Either we do that or we don’t.”
These are the words of a 16 year old Swedish student, Greta Thunberg, who has inspired an international movement of young people. This Friday will see the first national UK student strike to protest lack of government action to combat our climate crisis and sixth mass extinction event. Students from secondary schools, colleges and universities are expected to gather in a mass protest in over 30 towns, including Brighton.

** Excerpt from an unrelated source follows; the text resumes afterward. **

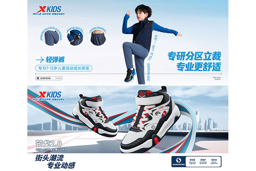 多年來,特步兒童在成長(zhǎng)中,變革傳統(tǒng)鞋服企業(yè)的運(yùn)營(yíng)理念,特步兒童整合產(chǎn)業(yè)資源、規(guī)劃跨行業(yè)發(fā)展戰(zhàn)略、積極創(chuàng)造行業(yè)全新的品牌推廣模式、多元化的商品開發(fā)、科學(xué)的渠道規(guī)劃和創(chuàng)新的店鋪分級(jí)運(yùn)營(yíng)模式,并加大研發(fā)力度滿足新時(shí)代兒童消費(fèi)者需求,取得了一定的市場(chǎng)地位。2023年,特步兒童推出特步兒童運(yùn)動(dòng)專家,更懂運(yùn)動(dòng)成長(zhǎng)的全新品牌定位,聚焦校園運(yùn)動(dòng)場(chǎng)景,為中國(guó)兒童提供更好的運(yùn)動(dòng)裝備,成為專業(yè)校園運(yùn)動(dòng)的引領(lǐng)者。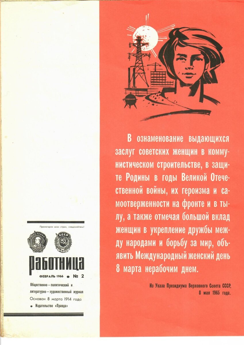 Первый весенний месяц традиционно ассоциируется с Международным женским днем теплыми женскими улыбками и подарками, а в нашей стране это еще и официальный выходной день. А как раньше отмечали 8 марта? Какие символы были связаны с этим праздником? На первой странице журнала «Работница» за февраль 1965 года приведены слова из Указа Президиума Верховного совета СССР от 8 мая 1965 года об объявлении Международного женского дня 8 марта нерабочим». Очень символично, что выписка из указа оказалась именно в этом журнале. Ведь общественно политический и литературно-художественный журнал «Работница» был основан 8 марта 1914 года издательством «Правда». 8 Марта был официально установлен государственным праздником в 1921 году и стал элементом советской политики, борьбы за мир во всем мире, символом прославления образа женщины-труженицы и матери. Журнал "Работница" долгое время пользовался популярностью у женщин Советского союза, а также в после перестроечное время до 2021 года. В 60 - 80 годы э

The Department of Education has issued guidance which states:
“We are clear that pupils can only take term-time leave in exceptional circumstances” . However the students know that:
- CO2 levels in the atmosphere are at their highest in the last 400,000 years
- The UN climate change report of 2018 stated that we only have 12 years to cut our greenhouse gas emissions by 50% to avoid human catastrophe
- It is estimated that 200 species become extinct every day
- Overfishing, pollution and ocean warming may lead to all fish consumed as seafood going extinct by 2048
It is therefore entirely reasonable to decide that these are indeed ‘exceptional circumstances’. But the last word must go to Greta Thunberg:
“Adults keep saying: “We owe it to the young people to give them hope.” But I don’t want your hope. I don’t want you to be hopeful. I want you to panic. I want you to feel the fear I feel every day. And then I want you to act.
I want you to act as you would in a crisis. I want you to act as if our house is on fire. Because it is.”